My vocoder fascination stands damned by association.
Maybe there was a warning in Herbie Hancock’s 1978 album Sunlight: ‘The vocals on this album were realised through the use of the Sennheiser Vocoder VSM201,’ the sleeve notes explained. ‘This remarkable machine allows the articulation of human speech to be encoded on the tonality of a musical instrument. The voices you are hearing are entirely synthesised. The individual characteristics of Herbie’s voice (ie diction, accent, volume etc) combine with the pitch or melody and phrasing played on the synthesised keyboard. Background parts are played/sung by the use of polyphonic synthesisers.’

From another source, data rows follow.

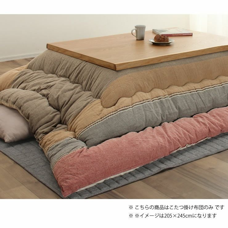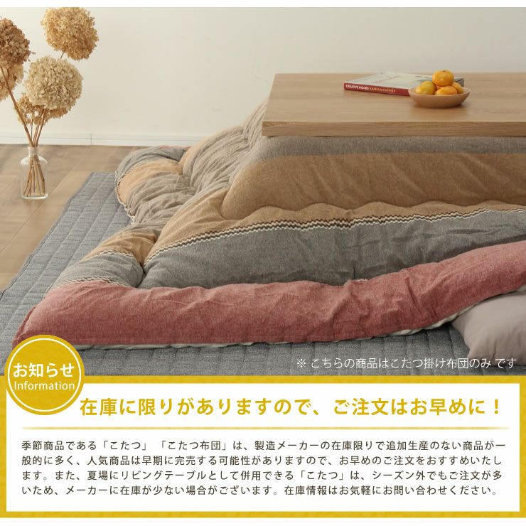 お部屋に馴染みやすいシンプルデザインの厚掛けこたつ布団。様々なインテリアにもマッチし、淡く優しい色合いとシンプルなデザインは、落ち着いたリラックスできるお部屋に演出してくれます。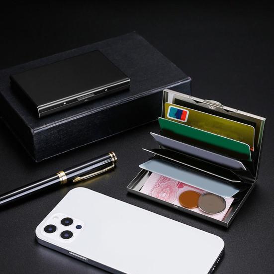 Прочная конструкция из нержавеющей стали: Изготовленный из высококачественной нержавеющей стали, этот держатель для кредитных карт обеспечивает превосходную долговечность по сравнению с пластиковыми или алюминиевыми аналогами.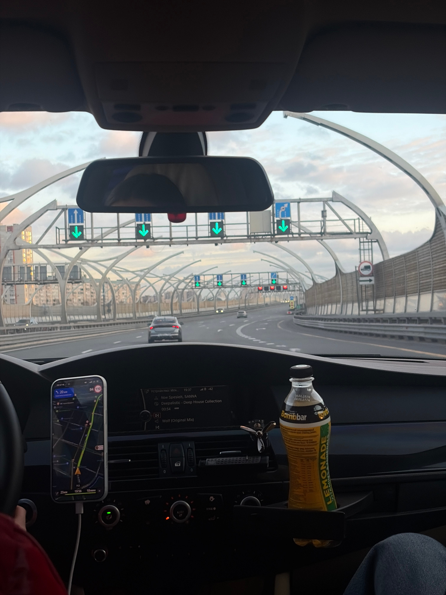 Captured from the interior of a vehicle, the image presents a forward-facing view of the Western High-Speed Diameter (WHSD), a toll highway in Saint Petersburg, Russia. The driver's perspective encompβ¦read more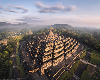 "Боробудур" Боробудур возведён как огромная ступа, выполненная в форме мандалы. Фундамент ступы — квадратный, со стороной 118 м. У ступы имеются восемь ярусов: пять нижних — квадратные, и три верхних — круглые. Форма мандалы представляет схему мироздания в соответствии с буддийскими представлениями. На верхнем ярусе расположено 72 малые ступы вокруг большой центральной. Каждая ступа в форме колокола. Внутри ступ находятся статуи Будды и барельефы на религиозные сюжеты |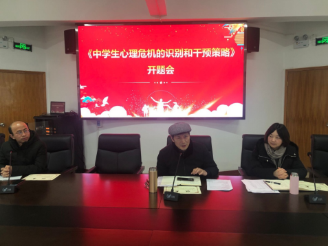 2020年1月8日上午,中国管理科学研究院素质教育研究所学生发展指导研究中心“十三五”教育科研规划重点课题的子课题《中学生心理危机的识别和干预策略》开题会议在我校办公楼316会议室举行。谭子刚校长、吴爱铭副校长、谭小红主席以及17名教师参加了此次会议,会议由学工处主任陈福超主任主持。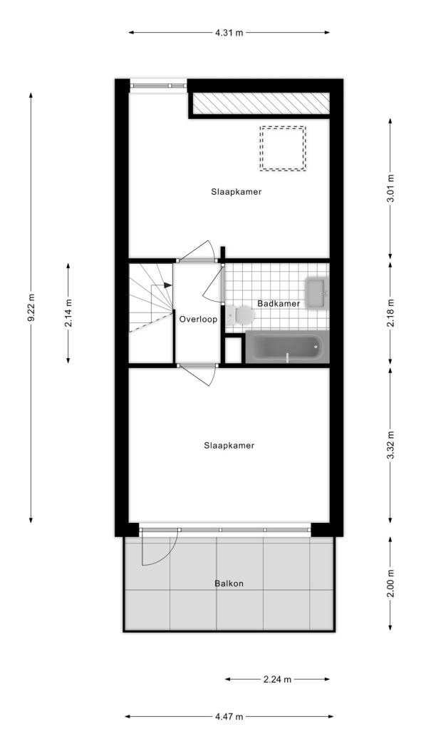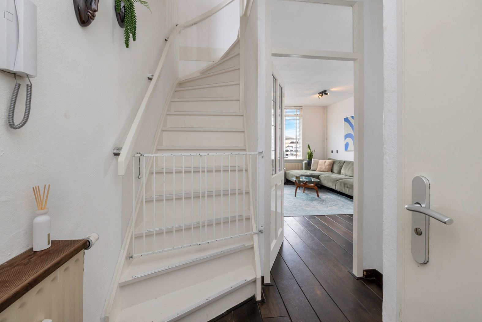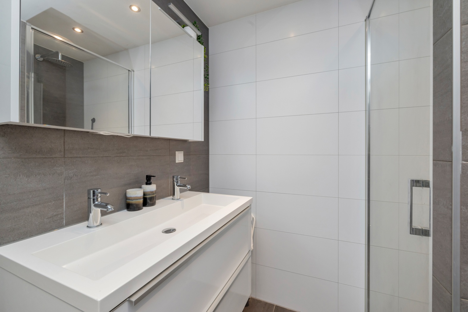 Op de eerste verdieping vind je twee ruime slaapkamers, perfect voor een gezin, een thuiskantoor of logees. De badkamer is in 2018 volledig gerenoveerd en modern ingericht, met een inloopdouche, dubbele wastafel, tweede toilet en aansluitingen voor wasmachine en droger. Vanuit de achterste slaapkamer stap je zo het balkon op het oosten op, waar je ’s ochtends heerlijk van de zon kunt genieten met een kop koffie.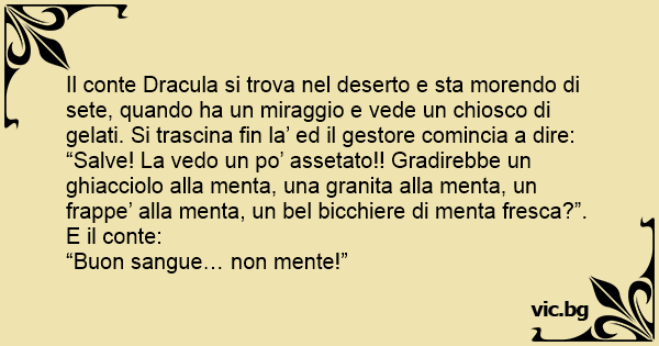 Il conte Dracula si trova nel deserto e sta morendo di sete, quando ha un miraggio e vede un chiosco di gelati. Si trascina fin la’ ed il gestore comincia a dire: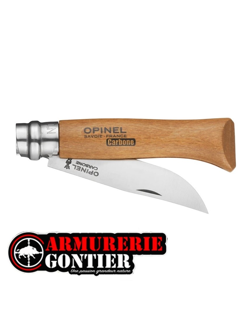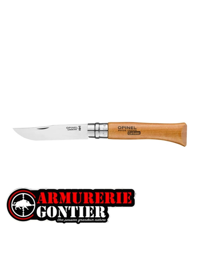 L'acier au carbone Opinel est un acier non allié, à haute teneur en carbone permettant d'obtenir après l'opération de traitement thermique l'excellente dureté qui garantit une parfaite tenue du tranchant ainsi qu'une grande résistance à l'usure et un réaffûtage facile. Cependant l'acier au carbone ayant une faible résistance à la corrosion par l'humidité, il nécessite des précautions d'utilisation : ne laissez pas votre couteau en milieu humide notamment en lave-vaisselle, essuyez la lame avec un chiffon gras après usage et graissez la souvent ainsi que son articulation.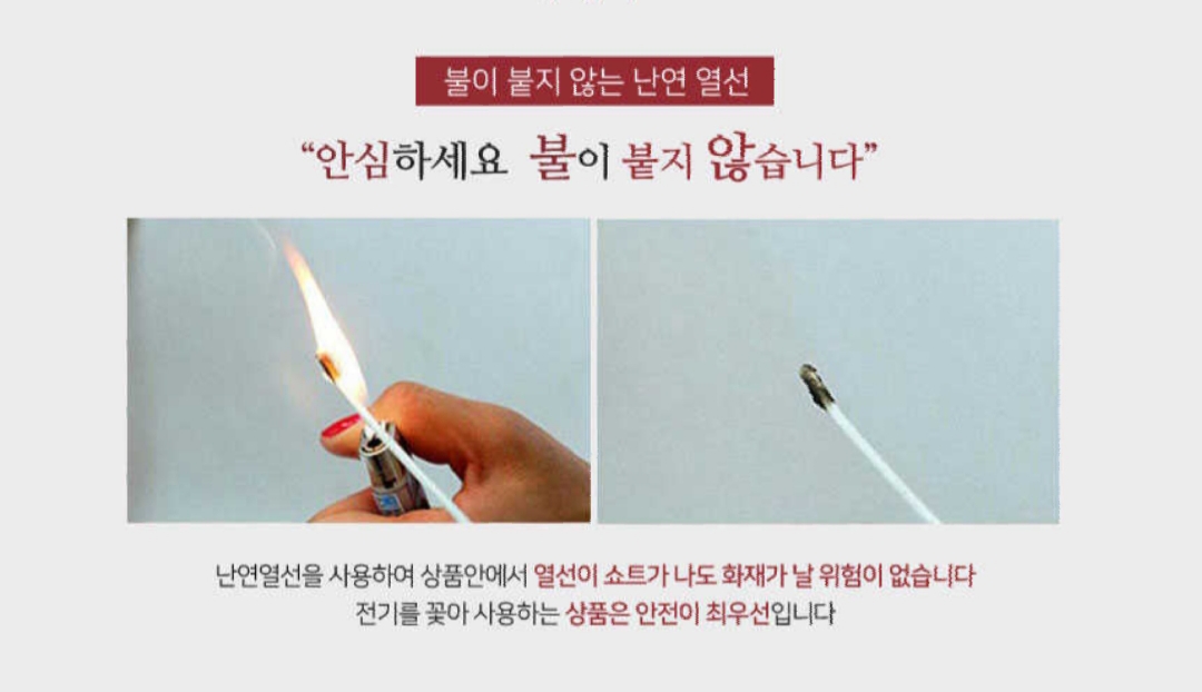 위의 4번(안전 열선)을 적용하지 않는 전기 방석 업체가 있어서 그것만으로도 결정하려고 했는데 가성비까지 좋으니 더이상 고민할 필요가 없겠습니다. 바로 열 가지 장점 중 꼭 사야할 한 가지 이유는 안전입니다.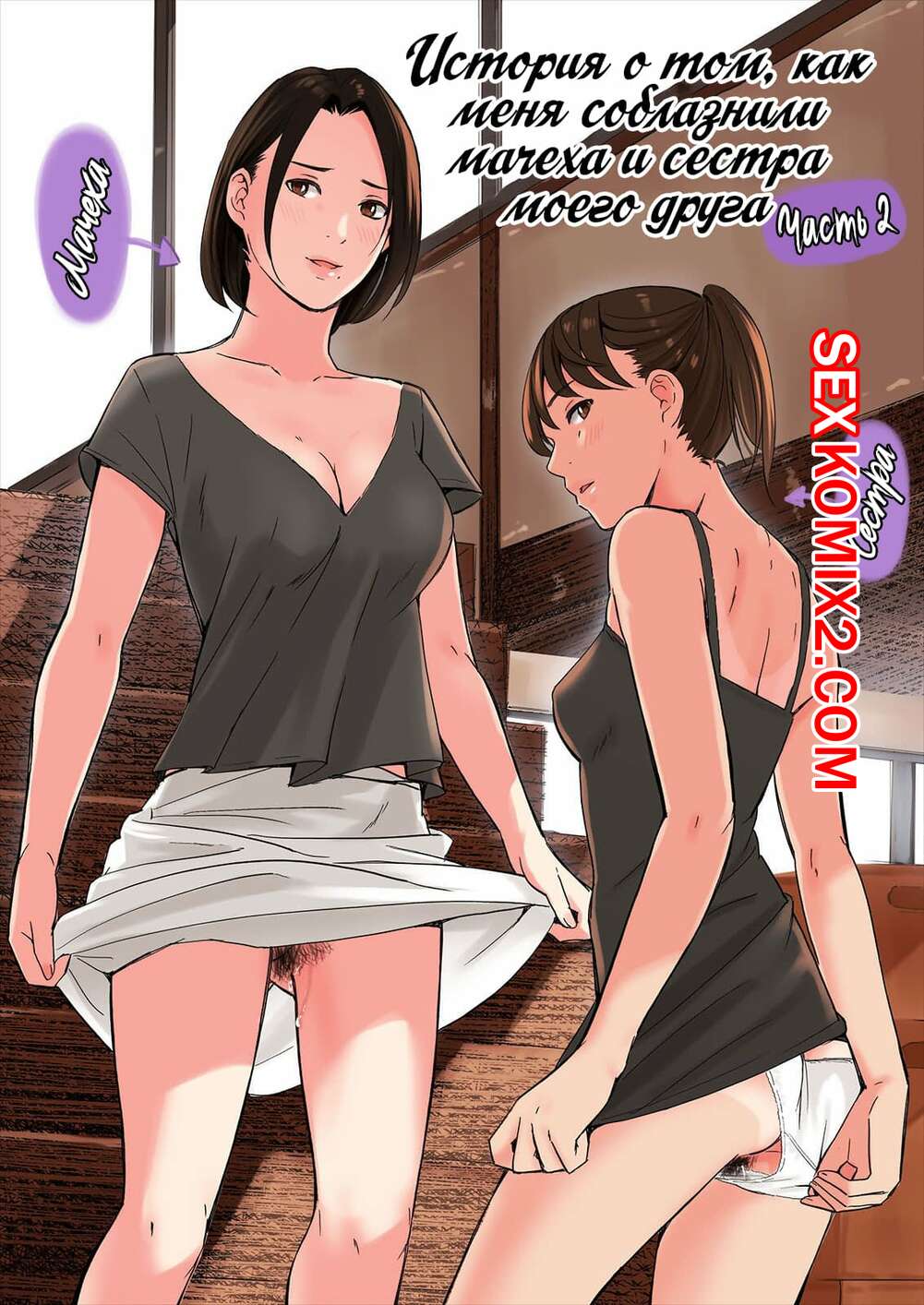 Порно комикс История о том, как меня соблазнили мачеха и сестра моего друга. Часть 2 Сисястая милфа брюнетка и его дочка позвали вновь к себе друга своего сына. Они стали соблазнять его и сосать большой хуй парня, после чего дали ему себя хорошенько выебать.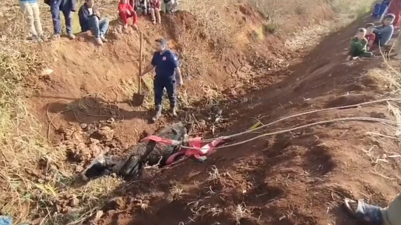 İhbar üzerine bölgeye giden ekipler, yaptıkları titiz çalışmaların ardından ineği kanaldan çıkarttı.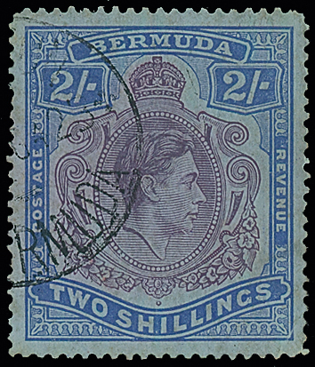 Bermuda: 1938-53 perf. 14 2s. purple and deep blue on pale blue, variety broken lower right scroll, used, fine. S.G. 116de, cat. £500. Photo. (Image1)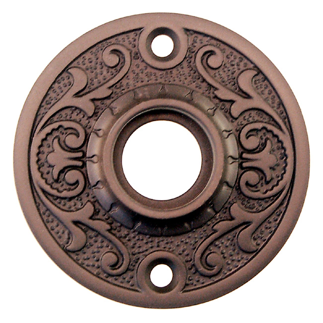 8743-OB Doorknob rose Finish/Color: Oil Rubbed BronzeMaterial: Solid brassDimensions: 2-3/16" diameterFinish Options: BN | PB | PN | OB | PLTimeline: Late 19th century onward SKU: 8743-OB-543 Categories: Door Roses, Door Roses Description Description Doorknob rose. Forged brass. With floral pattern. Comes in 5 finishes. 2-3/16″ diameter , 3/4″ hub dia. , 1-11/16″ center to center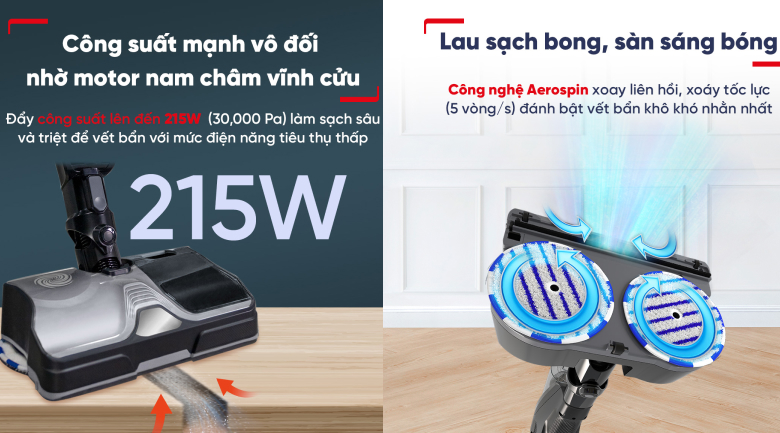 - Máy hút bụi không dây có công suất hoạt động 215W, cùng lực hút 30W giúp loại bỏ nhiều loại vết bẩn trên sàn nhà một cách nhanh chóng.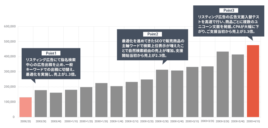 当初、C社様では広告運用のみ行っていましたが、広告改善はもちろんのこと、集客後のWebサイト改善や、顕在キーワードのSEO対策を徹底的に行い、ご支援開始当時から3年半で約3.6倍の売上に伸長しました。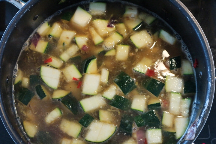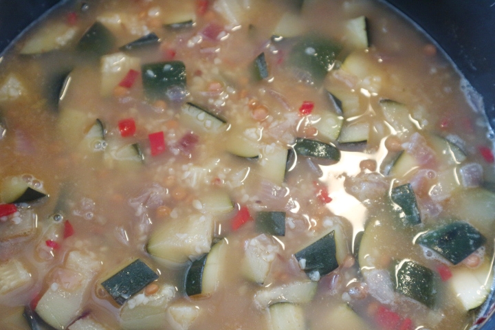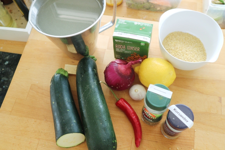 Løken og chilien ble surret i litt olje til løken begynte å bli blank. Drysset over litt flaksalt og tilsatte squash, revet hvitløk og krydder. Det hele fikk surre videre i ca 10 minutter. Tilsatte så revet skall og saften av sitronen, buljongen og linsene (de var skylt i rennende vann) og kokte opp. Suppen fikk koke i 15 minutter.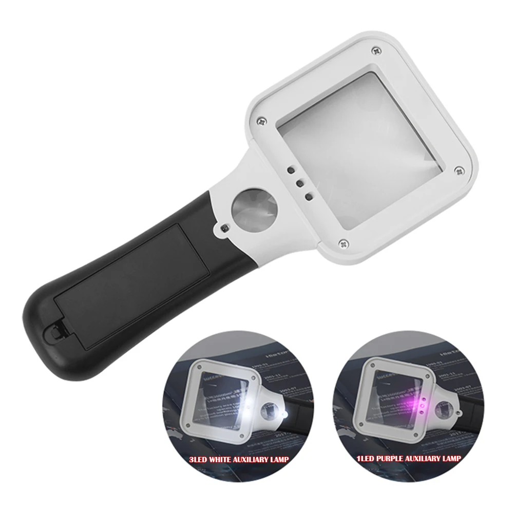 Лупа с подсветкой для чтения банкнот с 3 светодиодами и УФ-лампой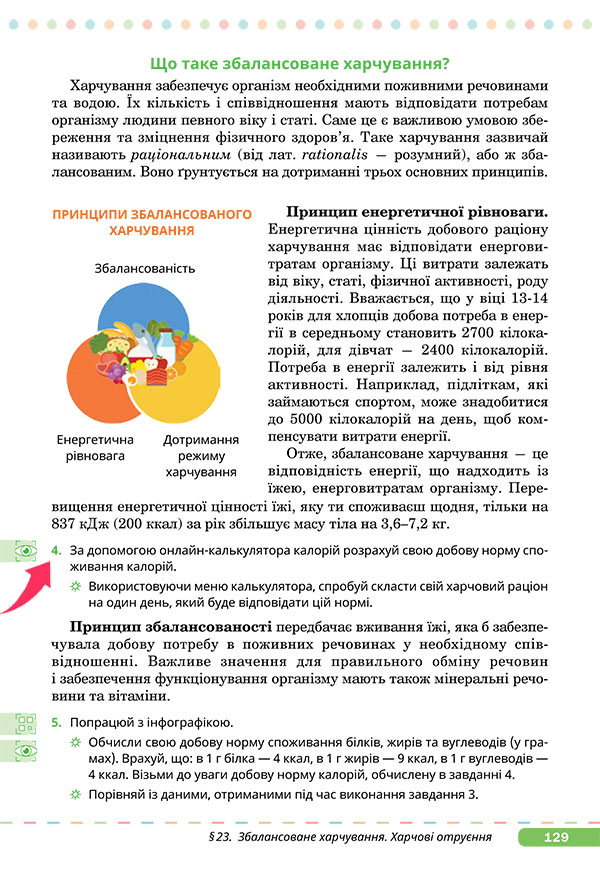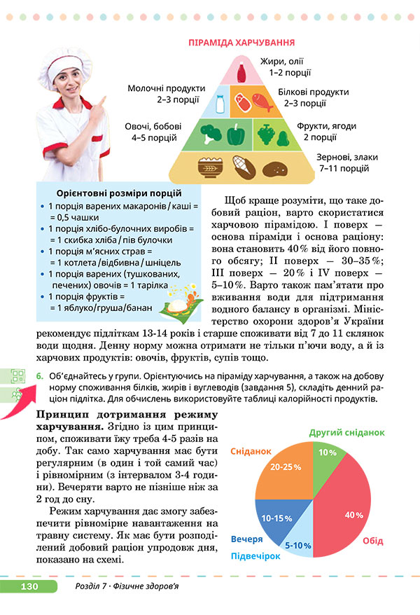 Добовий раціон — це весь обсяг їжі та напоїв, який людина споживає протягом одного дня. Щоб легше зрозуміти, як правильно складати свій раціон, можна скористатися харчовою пірамідою (див. с. 130 підручника).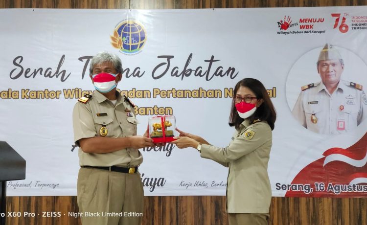 SERANG – Jabatan Kepala Kantor Wilayah Badan Pertanahan Nasional (BPN) Banten diserahterimakan dari Andi Tenri Abeng kepada Rudi Rubijaya yang bertempat bertempat di Aula Baduy Kantor Wilayah Badan Pertanahan Nasional, Senin (16/08/2021).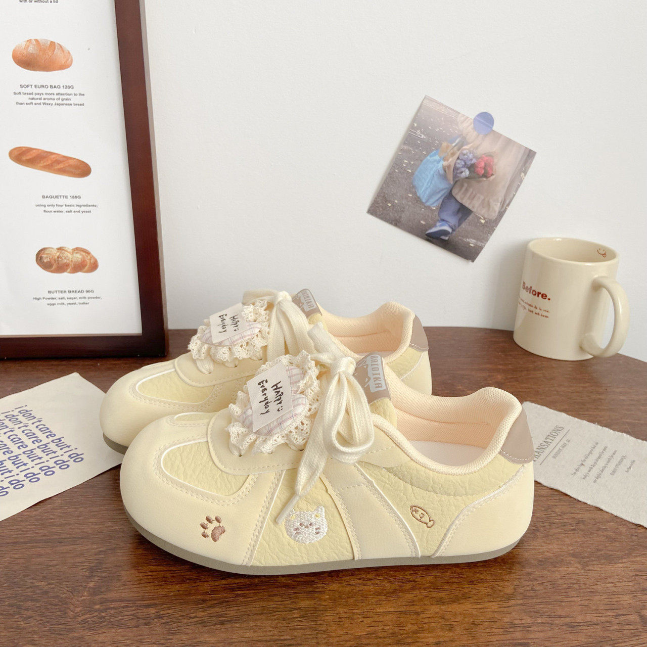 黄色德训鞋女款2026春季新款学生百搭韩系chic小众刺绣休闲板鞋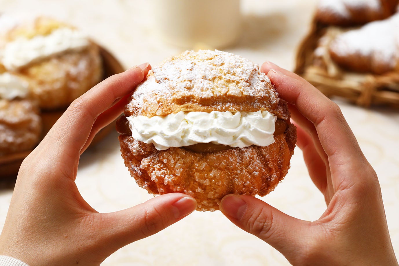 こだわり:ザクザク食感のメロンパンに、生キャラメル味のクリームとホイップクリームをサンドしたスイーツのような菓子パンです。ザクザクのメロンパン、なめらかな生キャラメル味のクリーム、ふんわりとしたホイップクリーム。甘くコクのある味わいといろんな食感が楽しめるクリームサンドです。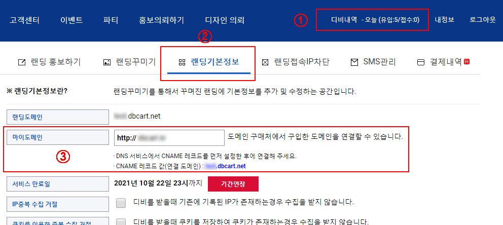 ① -> ② -> ③ 클릭하시면 마이도메인 세팅 페이지로 이동 후 개인 도메인을 입력하시면 됩니다.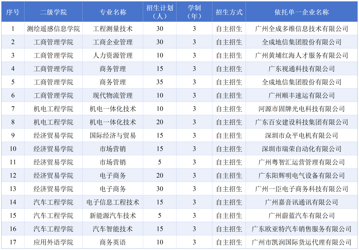 根据《广东省教育厅关于做好2026年省高职教育现代学徒制试点工作的通知》(粤教职函〔2026〕1号),我校2026年现代学徒制试点将在18个专业点招生,招生计划数共300人。其中包括:①依托单一企业开展试点共17个专业点,招生计划数290人;②依托载体开展试点共1个专业点,招生计划数10人。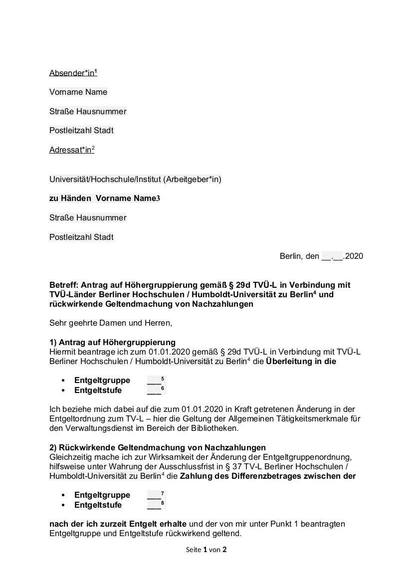 2533 08 2808 65 3020 62 differenz. 2607 28 e 10. März 2009 stelle ich hiermit den antrag meine vergütungsgruppenzulage die ich bei fortgeltung des bat bat o am erhalten hätte zu zahlen. 1 antrag auf höhergruppierung hiermit beantrage ich zum 01 01 2020 gemäß 29d tvü l in verbindung mit tvü l berliner hochschulen humboldt universität zu berlin4 die überleitung in die entgeltgruppe 5 entgeltstufe 6 ich beziehe mich dabei auf die zum 01 01 2020 in kraft getretenen änderung in der.

Hancock made a point of introducing the track in his live set by adding: ‘With this device, even a keyboard player like Herbie Hancock can sing!’
Pitch factor
The evils of AutoTune were made complete when it was discovered that it was being used to correct out-of-tune performances on the X Factor talent show in the UK. Defended by a ‘spokesman’ as part of the show’s aim ‘to deliver the most entertaining experience possible for viewers’, it is hardly consistent with the expected abilities of a great singer, or the audience’s ability to recognise their talent.
Perhaps it’s time to get more rootsy with pitch control as part of the creative process. If Eventide was good enough for Frank Zappa, it’s good enough for me.
But I wonder how the Musicians’ Union view AutoTune – a job creation opportunity, perhaps?